Other recent reports have suggested the tree itself may be 11,000 years old. Dr Ruhsam said this was not the case. “Dating back to the ice age is not quite correct. There must be a misunderstanding,” he said.
“When the glaciers retreated, those wild apple trees came back into Britain, but that particular tree certainly doesn’t date back to the ice age. They are rather short-lived - a hundred, a hundred and fifty years or so.”
The researchers examined what are known as “microsatellites” – small pieces of DNA which help identify species. The microsatellites help distinguish cultivated apple from wild apple.
“When we looked at enough pieces of DNA, we can see whether the tree is pure, or whether there has been hybridisation going on in its past (where insects cross pollinate the tree with cultivated species). But it came out as pure,” Dr Ruhsam said.
“The amazing thing is that we don’t have many records from the west coast of Scotland of pure trees, and certainly none from any of the islands.
“The first question is how did it get there - it’s definitely not apple country. It’s in the rocks in a windswept place. It’s a very unusual place to find an apple tree. There’s another one on Shetland, but it’s very rare to find these trees.”
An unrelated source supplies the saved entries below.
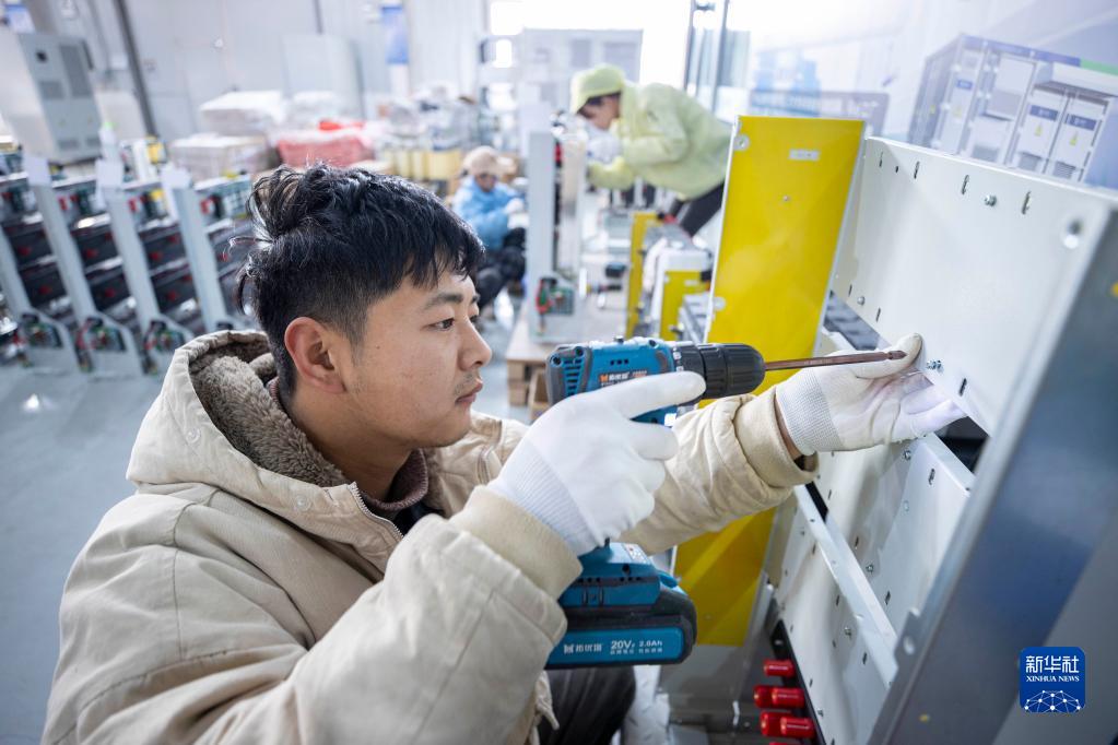 在位于寧夏同心工業(yè)園區清潔能源產(chǎn)業(yè)園的上能電氣(寧夏)有限公司車(chē)間內,工人在加工逆變器所需的配電單元(2月23日攝)。
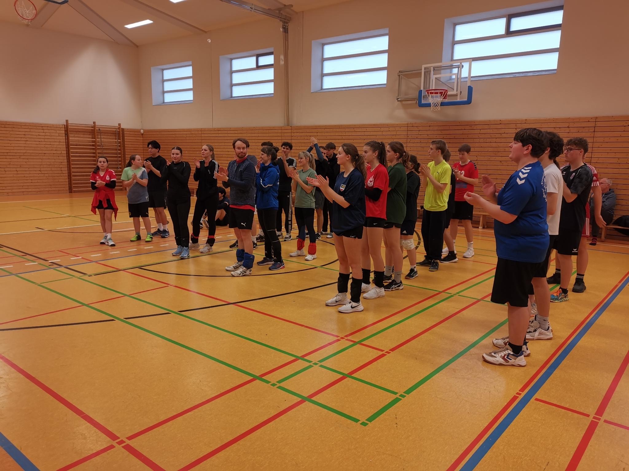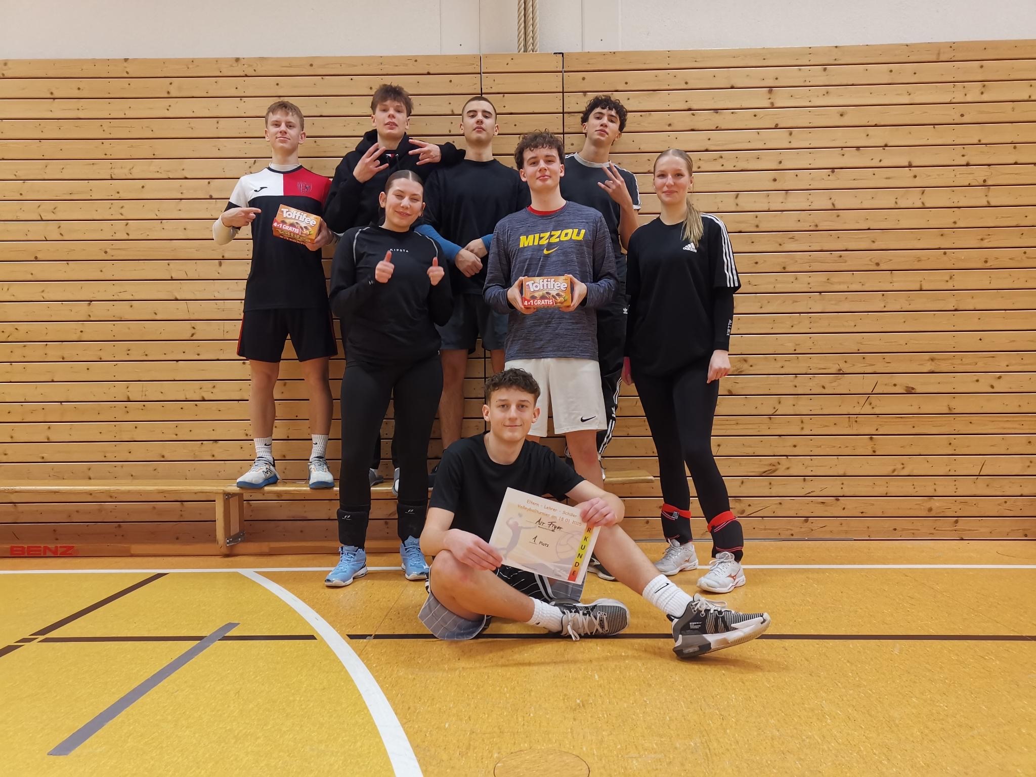 Am 18. Januar 2025 fand in unserer Turnhalle ein aufregendes Schüler-Lehrer-Volleyballturnier statt. Von 9 bis 13 Uhr traten fünf bunt gemischte Mannschaften gegeneinander an, was zu einer tollen Dynamik auf dem Spielfeld führte. Die Atmosphäre war von Beginn an voller Energie und Begeisterung. Die Spielerinnen und Spieler zeigten beeindruckende Leistungen, und es gab zahlreiche spannende Ballwechsel. Sowohl die Schüler als auch die Lehrer brachten ihre eigenen Stärken ein, was für abwechslungsreiche und unterhaltsame Spiele sorgte.
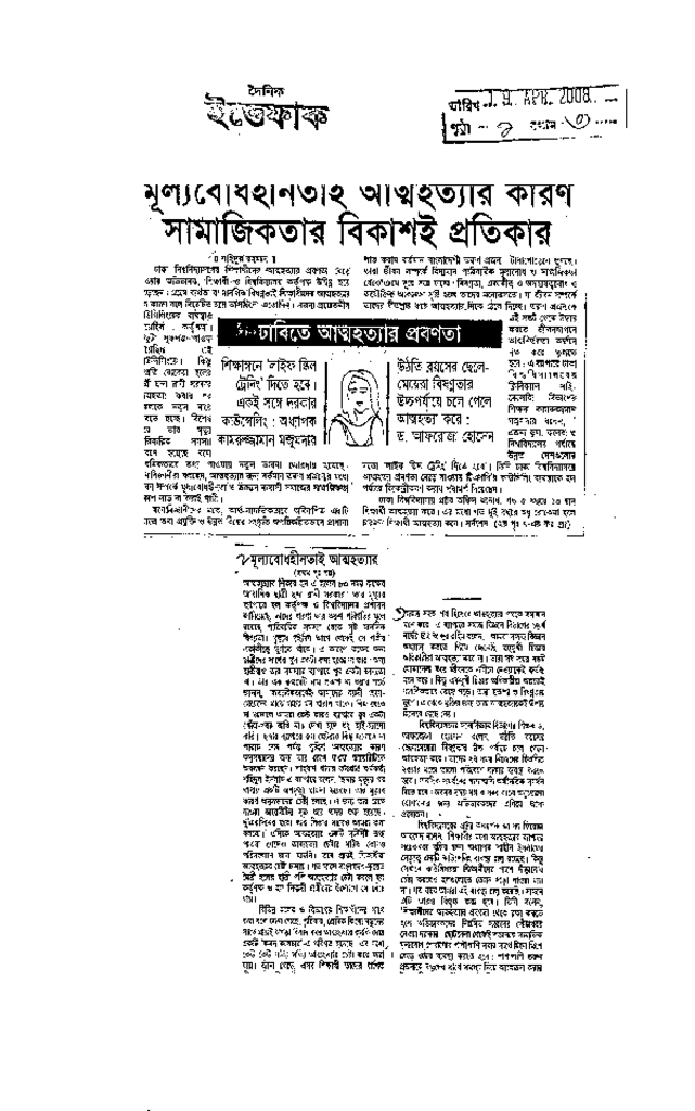 মূল্যবোধহীনতাহ আত্মহত্যার কারণ সামাজিকতার বিকাশই প্রতিকার Published on Newspaper দৈনিক ইত্তেফাক Category Others Download
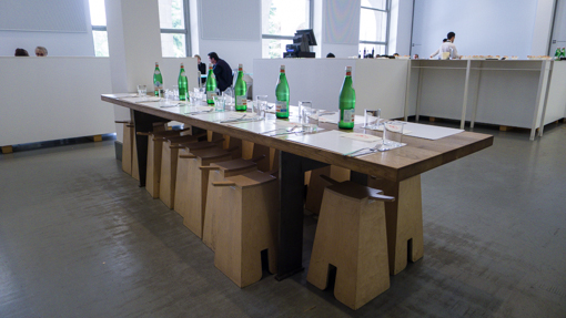 I had lunch at their cafeteria –  it was a communal table (hence, the 6 bottles of mineral water) and I sat on the most uncomfortable stool in my life. The design effectively kept people from sitting around taking up space.
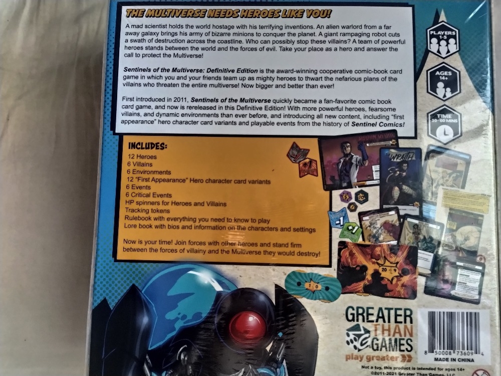 Caixa do jogo (costas) Sentinels of the Multiverse: Definitive Edition
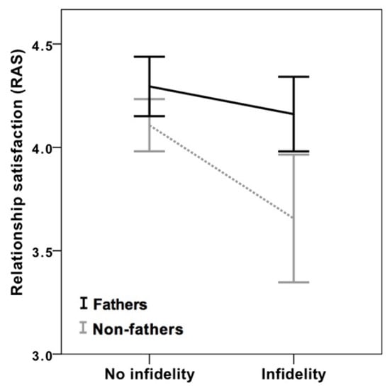 Moderation effect of fatherhood on the association between relationship satisfaction and infidelity.
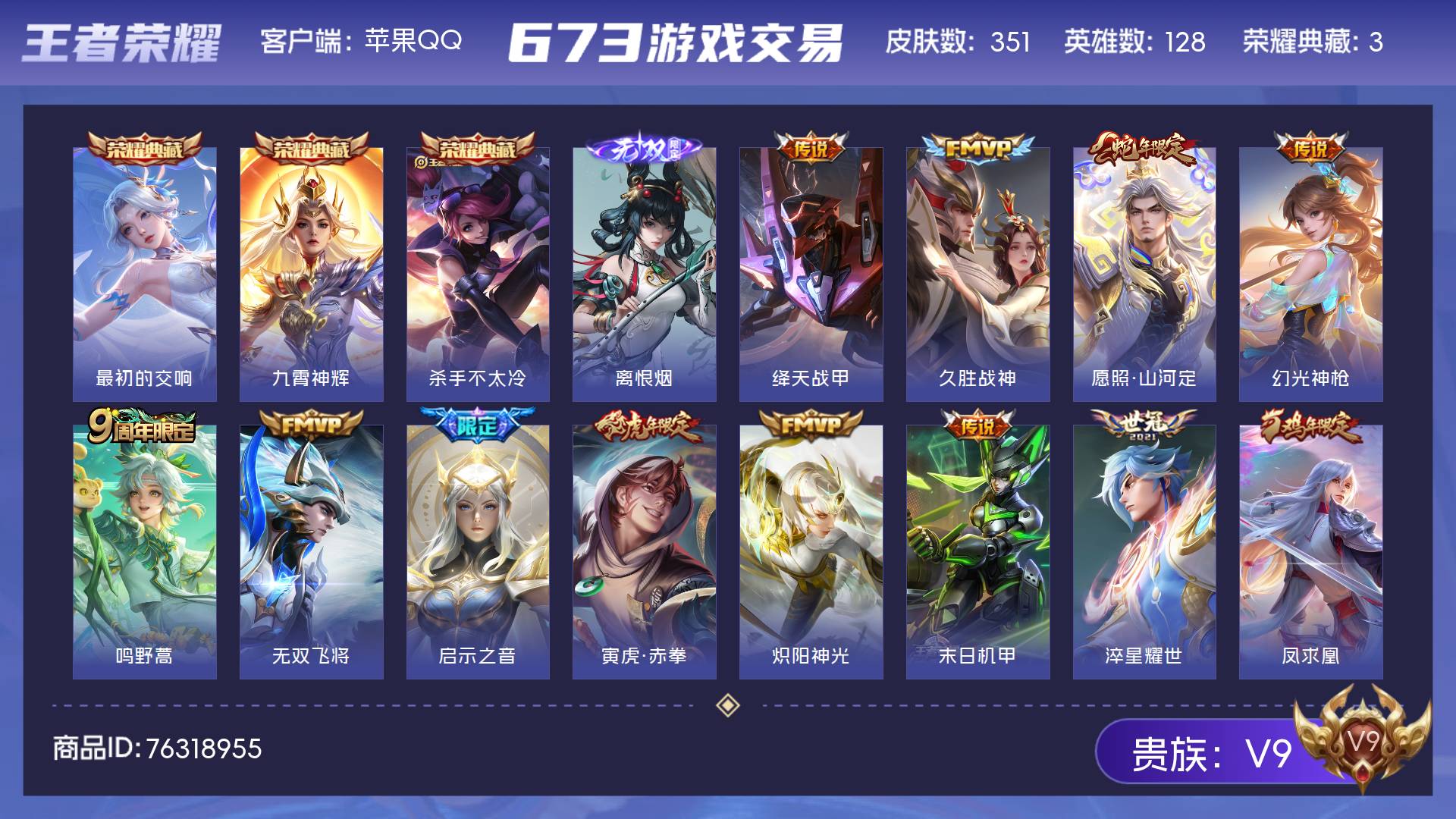 V9 皮肤351 英雄128 最强王者 荣耀典藏3 无双皮肤1 传说20
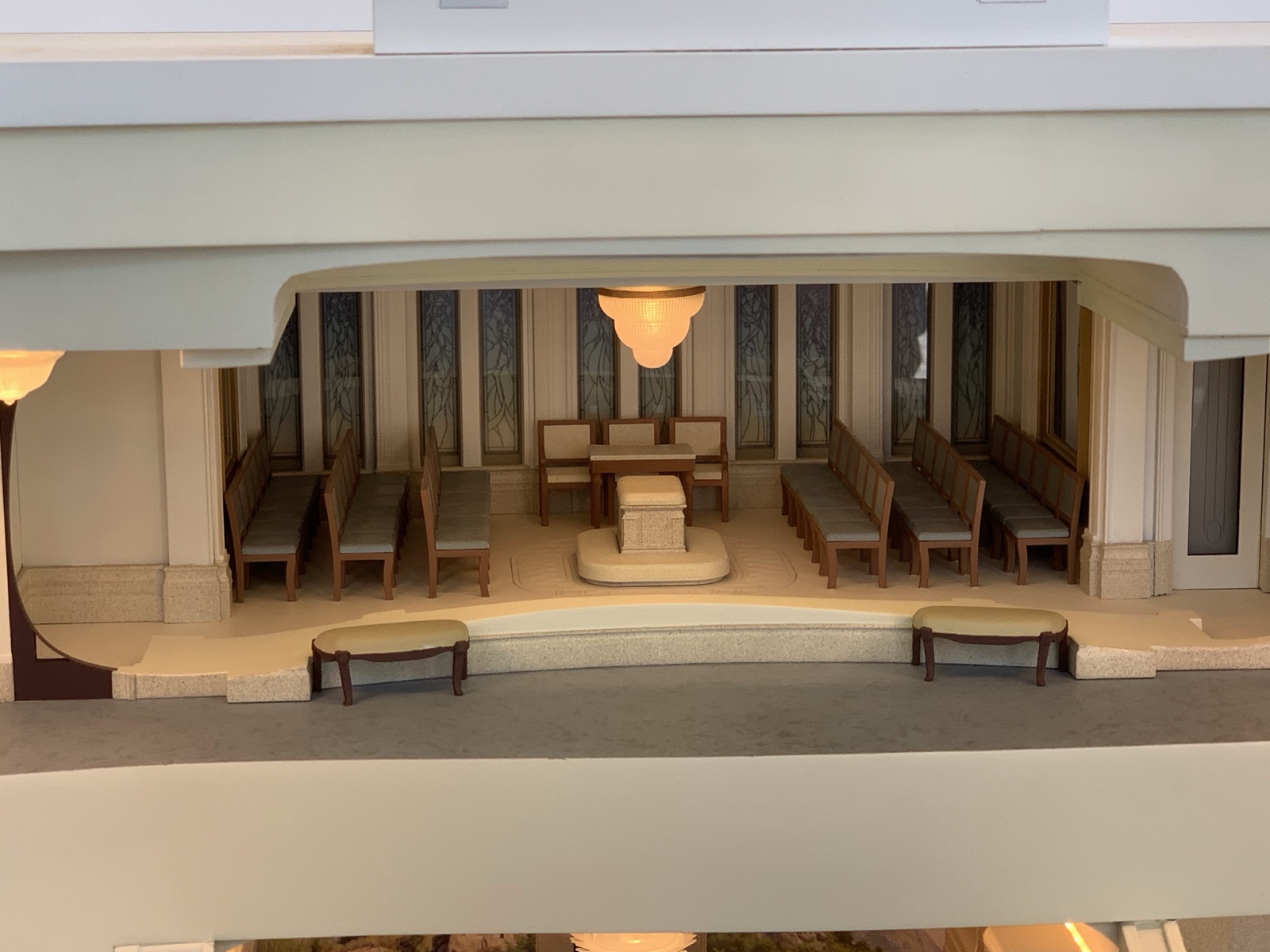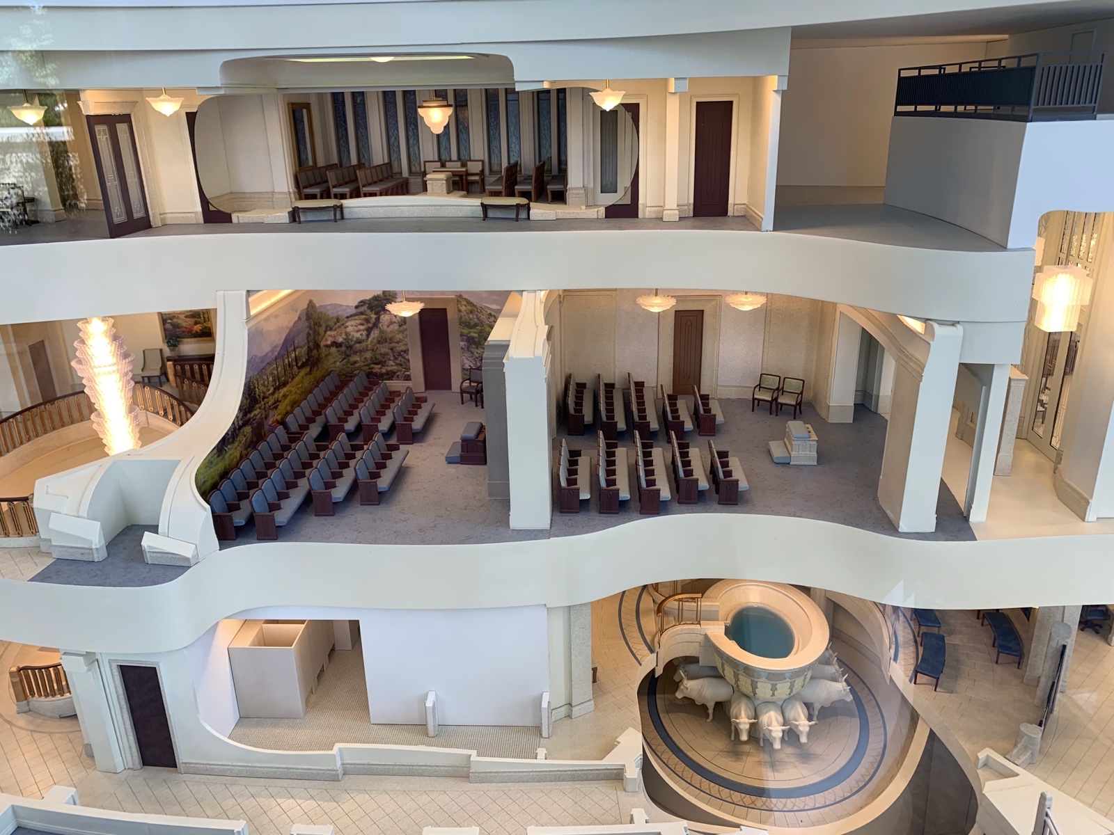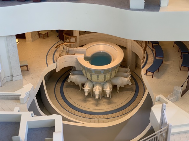 The model has cute little versions of the various rooms, including the telestial, terrestial and celestial rooms along the middle.

The exact age of the tree is not known. Paul Smith, plant recorder for the Outer Hebrides for the Botanical Society of Britain and Ireland, told The Independent: “It’s age isn’t worked out because there are no bits that will have persisted long enough to be dated.
“It is however, quite likely that it regularly puts up new branches as old ones die off, and therefore that it will have persisted in the same place for a long time. It is more likely that a small population, rather than this particular plant, has persisted here, though since no other individuals are known here, it’s not certain that this is so. But it is a native and not a domesticated apple.
He added: “If it’s not a persistent native, it would be likely to have come by human agency when Pabaigh Mor was inhabited.
“But it still seems an unlikely place for a seed to be deposited and grow in this case.”
He suggested the existence of the Shetland tree backed up the idea that the trees are part of populations which have survived since the last ice age.